# 3D shoot at the Fargo Dome



## Turner (Oct 7, 2005)

That time of year again to start planning on shooting at the Sportsman Show at the Fargo dome. Take off the broadheads and screw on the field points and come out to shoot 25 3D targets at various ranges. We will have door prizes and be giving away items for the arrow closest to the center of the 12 ring on randomly selected targets.

Shooting times
February 28th 6pm-10pm
29th Noon-10pm
March 1st 10am-10pm
2nd 10am-4pm

INCASE YOU MISSED THE SHOOT HERE ARE SOME PICTURES FROM THIS YEAR.


----------



## Turner (Oct 7, 2005)

Times drawing near.


----------



## jtillman (Oct 31, 2005)

Turner, is there an entry fee for the shoot at all?


----------



## Turner (Oct 7, 2005)

The shoot is $15.00 for the first round and then $10.00 if you want to shoot a chanllenge round.

You do not have to pay to go into the Sprotsmans Show to attend the shoot, however, we strongly suggest you go and take in the sites and visit with the vendors. There are always new and different items on display down on the dome floor.

Here's a link to our site that will have other information on it as well.

http://www.sandhillsarchers.org/index.php


----------



## jtillman (Oct 31, 2005)

Thanks Turner.
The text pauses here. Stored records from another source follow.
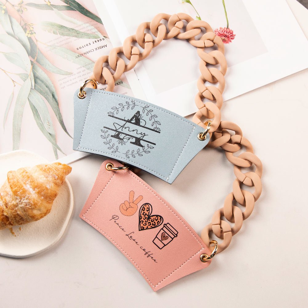 The Leather Coffee Sleeve with Chain is designed to helping you holding your morning coffee and afternoon tea. Coffee chain holder can hang on the stroller, car back seat, bicycle, convenient and portable,which free your hands to carry other items.
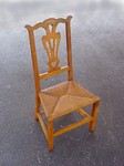 A MAPLE PERIOD CHIPPENDALE RUSH SEAT CHAIR, Ca. 1790: From a Shaker Community in Ohio. Shaped crest, pierced carved center slat featuring a heart. 42 1/2"h. | 325 |
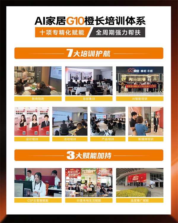 值得一提的是,AI家居在此次展会中重磅推出G10橙长系统,以7大核心培训为根基,3大赋能为支撑,助力经销商实现高质量增长与可持续盈利。
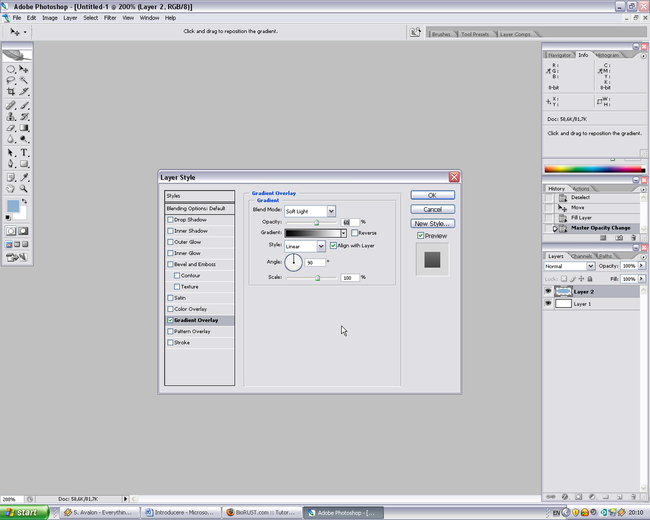 Photoshop - Cum se… face un ecran LCD? Pasul 1. Creati un document nou de orice dimensiune(eu am optat pentru 200x85 pixeli) si umpleti fundalul cu orice culoare, gradient sau tipar doriti. Eu am folosit un gradient
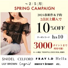 【 SPRING CAMPAIGN START 】人気ブランドの 冬新作 & 春予約 が 2点以上購入で ★ 10%OFF&さらに3000ポイントまで利用可能 ★
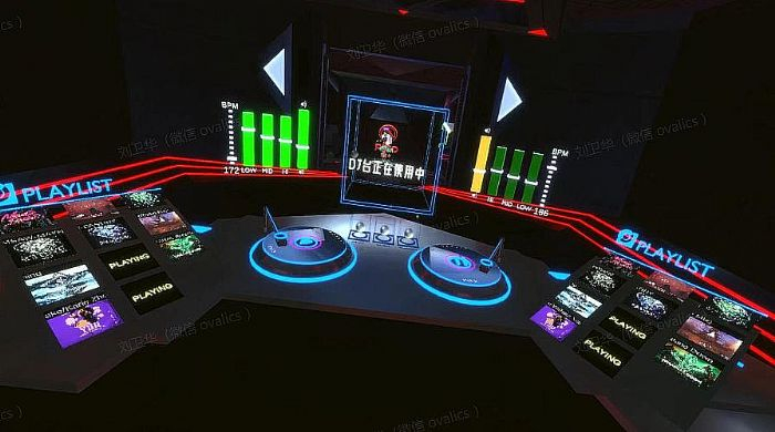 作为全场的C位焦点,虚拟DJ台可以说是整场电音演出的核心,在演出结束后开放的互动休闲区中,用户可以亲自操刀DJ台。在虚拟DJ台上,用户可以化身嗨动全场的资深DJ,通过眼前虚拟DJ台上的调音、Remix、声效设置,体验一把当现场DJ的快乐!
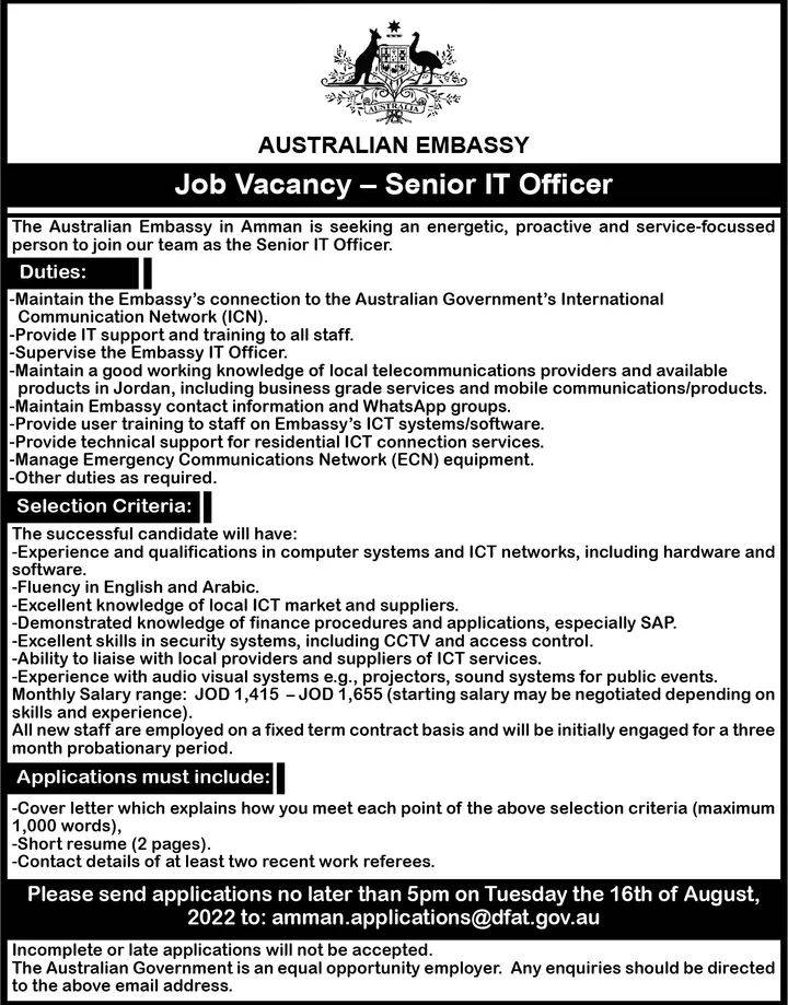 To find out more, including how to apply please visit: https://jordan.embassy.gov.au/files/aman/IT%20Senior%20Officer.pdf

I know a few guys from work that will be there shooting for sure, but when we last looked, there was no details on entry fees, costs or anything like that....we appreciate the details.


----------



## ics400 (Oct 12, 2007)

There's also a team shoot that's best arrow. Grab a buddy and team up, it's a fun shoot. Your floor admission is good for the day. Come early, shoot a little, go look a little then shoot some more! See you there!


----------



## Turner (Oct 7, 2005)

TTT


----------



## djleye (Nov 14, 2002)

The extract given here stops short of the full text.